Intel is considering cutting jobs in a broader attempt to cut costs as a continued slump in global PC sales continues to affect its business.

The chip giant posted a 20pc annual drop in third-quarter sales to $15.3bn and posted conservative profit and revenue for the rest of the year.

“Despite worsening economic conditions, we delivered solid results and made significant progress with our product and process execution during the quarter,” CEO Pat Gelsinger said on an earnings call yesterday (October 27).

“To position ourselves for this business cycle, we are aggressively addressing costs and driving efficiencies across the business to accelerate our IDM 2.0 drive for the digital future.”

These “aggressive” moves include $3 billion in cost reductions in 2023, growing to $10 billion in annualized cost reductions and efficiency gains by the end of 2025.

Gelsinger also confirmed to several media outlets that these measures will include job cuts that will affect its global employees. Intel has around 120,000 employees worldwide, including around 5,000 in Ireland.

The latest earnings report and comments from Gelsinger confirm reports from earlier this month that Intel planned to cut thousands of jobs across its global operations amid continued PC sales – with uncertainty surrounding whether this would affect workers in Ireland.

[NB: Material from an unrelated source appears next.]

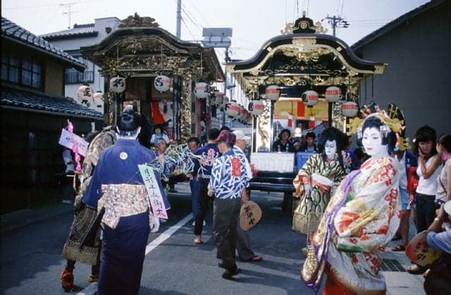 宮道天神社の祭礼。江戸時代、大干ばつのときに雨乞いをしたところ大雨が降ったことから始まったといわれています。日曜日に行われる花魅(おいらん)や武士に扮する「歌舞伎行列」が目玉。
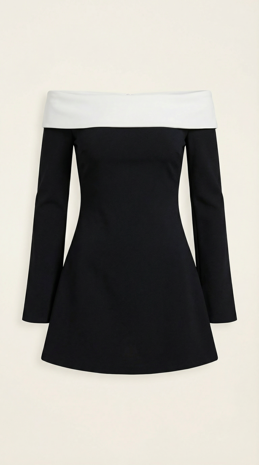 The 'Odessa' dress is modern romance refined. This flirtatious mini features a striking off-shoulder neckline with contrast banding, while dramatic bell sleeves add architectural flair. The fitted bodice and subtle flare create that perfect balance of structure and swing.

“We plan for the economic uncertainty to continue into 2023,” Gelsinger said on the earnings call, according to The Wall Street Journal. “It’s just hard to see any spots of good news on the horizon.”

Other tech companies that have recently announced job cuts include Snap, Coinbase, Netflix, Twilio, Patreon, Intercom and Shopify, among others.

Meta CEO Mark Zuckerberg told employees in a Q&A last month that the company is cutting its budget across most teams — even those that are growing — amid revenue challenges and increasing competition. This is the company’s first major budget cut after 18 years of growth.

“I was hoping that the economy would have stabilized more clearly by now,” Zuckerberg reportedly said, suggesting that job cuts could be on the table. “But from what we’re seeing, it doesn’t look like it yet, so we want to plan a little conservatively.”

David Zinsner, chief financial officer at Intel, said the company is now focused on “adopting an internal foundry model” as part of its broader IDM 2.0 strategy for integrated device manufacturing announced last year.

In March, Intel unveiled the first phase of its vast investment program for semiconductor manufacturing across Europe, starting with an investment of 33 billion euros. Ireland will see €12bn of this pan-European investment at the company’s site in Leixlip, Co Kildare.